■ EXERCISE PROMPT
Wherever a picture appears, leave it out; set down everything else in the records exactly.
===== RECORD SET
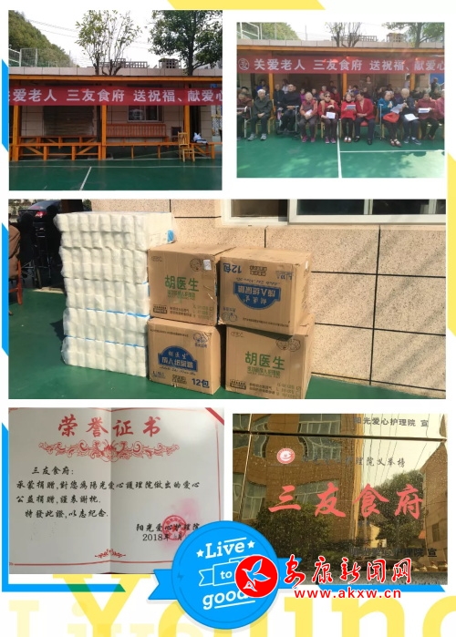 安康新聞網(wǎng)訊(記者 周。 愛不是靠說,而是靠做。說得再多不如踏實去做,愛老關(guān)鍵靠行動。昨天是農(nóng)歷9月9日重陽節(jié),為關(guān)愛老人,三友食業(yè)免費為護理院老人送溫暖,送早餐、紙巾,尿不濕等老人用品。并在這段時間里為70歲以上老人提供免費早餐。
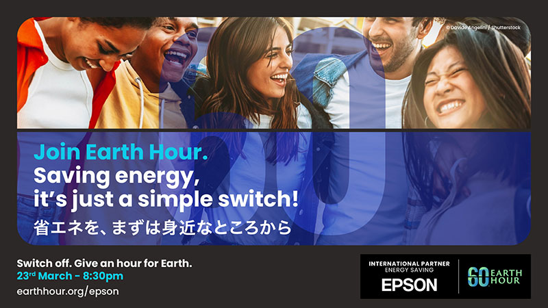 エプソンは、世界各地のエプソングループ販売会社と協力し、26言語で参加を呼びかけることで省エネ意識の向上を促進します。また、『EARTH HOUR 2024』当日には、シンガポール(開催予定地:Wisma Atria Shopping Mall)および日本(開催予定地:アーバンドック ららぽーと豊洲)でのイベントにブース出展します。イベント詳細はエプソンEARTH HOURウェブサイトをご覧ください。
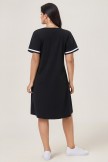 • Este vestido negro presenta un escote en V con rayas blancas en el escote. Las mangas cortas también tienen rayas blancas en los puños y bolsillos a ambos lados. El corte general es holgado, creando un estilo sencillo, elegante y práctico.
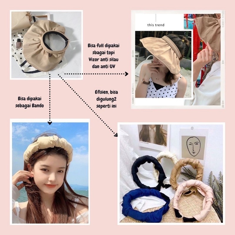 Kelebihan - Kelebihan membeli Topi/Bando 2in1 Vizor Anti UV Topi Pantai Lebar Topi Wanita Topi Bando Polos Outdoor di Toko ini
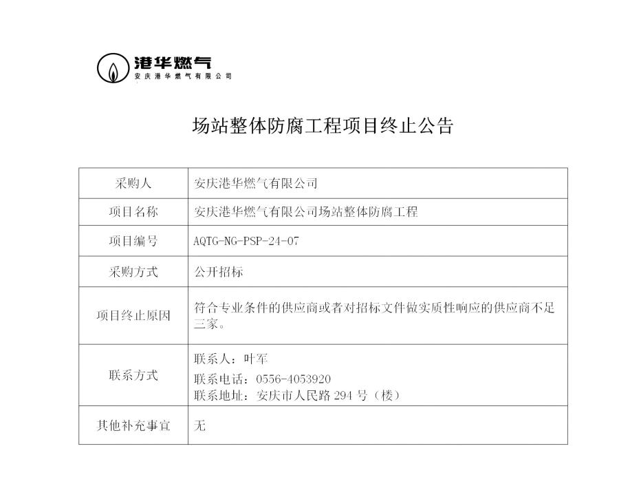 場(chǎng)站整體防腐工程項(xiàng)目終止公告
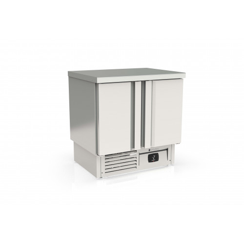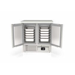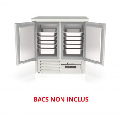 Meuble 700 positif - Série GASTRO compact - Température -2°/+8°C - 2 portes pleines - Capacité 265L - Extérieur et intérieur en inox AISI-304 18/10 (sauf partie arrière en galva) - Sans dosseret (dosseret sur demande) - Thermostat électronique avec afficheur digital, spécial économie d'énergie - Compresseur hermétique ventilé sur glissières - Evaporateur ventilé traité anti-corrosion - Evaporation automatique des eaux de dégivrage - Porte emboutie et réversible - Charnières inox - Tampons - Livré avec 1 clayette inox GN1/1 par porte + 1 jeu de glissières par porte - Ambiance 40°C - Alarme haute et basse température sur contrôleur digital
==========
■ FINAL ANSWER
 安康新聞網(wǎng)訊(記者 周。 愛不是靠說,而是靠做。說得再多不如踏實去做,愛老關(guān)鍵靠行動。昨天是農(nóng)歷9月9日重陽節(jié),為關(guān)愛老人,三友食業(yè)免費為護理院老人送溫暖,送早餐、紙巾,尿不濕等老人用品。并在這段時間里為70歲以上老人提供免費早餐。
 エプソンは、世界各地のエプソングループ販売会社と協力し、26言語で参加を呼びかけることで省エネ意識の向上を促進します。また、『EARTH HOUR 2024』当日には、シンガポール(開催予定地:Wisma Atria Shopping Mall)および日本(開催予定地:アーバンドック ららぽーと豊洲)でのイベントにブース出展します。イベント詳細はエプソンEARTH HOURウェブサイトをご覧ください。
 • Este vestido negro presenta un escote en V con rayas blancas en el escote. Las mangas cortas también tienen rayas blancas en los puños y bolsillos a ambos lados. El corte general es holgado, creando un estilo sencillo, elegante y práctico.
 Kelebihan - Kelebihan membeli Topi/Bando 2in1 Vizor Anti UV Topi Pantai Lebar Topi Wanita Topi Bando Polos Outdoor di Toko ini
 場(chǎng)站整體防腐工程項(xiàng)目終止公告
 Meuble 700 positif - Série GASTRO compact - Température -2°/+8°C - 2 portes pleines - Capacité 265L - Extérieur et intérieur en inox AISI-304 18/10 (sauf partie arrière en galva) - Sans dosseret (dosseret sur demande) - Thermostat électronique avec afficheur digital, spécial économie d'énergie - Compresseur hermétique ventilé sur glissières - Evaporateur ventilé traité anti-corrosion - Evaporation automatique des eaux de dégivrage - Porte emboutie et réversible - Charnières inox - Tampons - Livré avec 1 clayette inox GN1/1 par porte + 1 jeu de glissières par porte - Ambiance 40°C - Alarme haute et basse température sur contrôleur digital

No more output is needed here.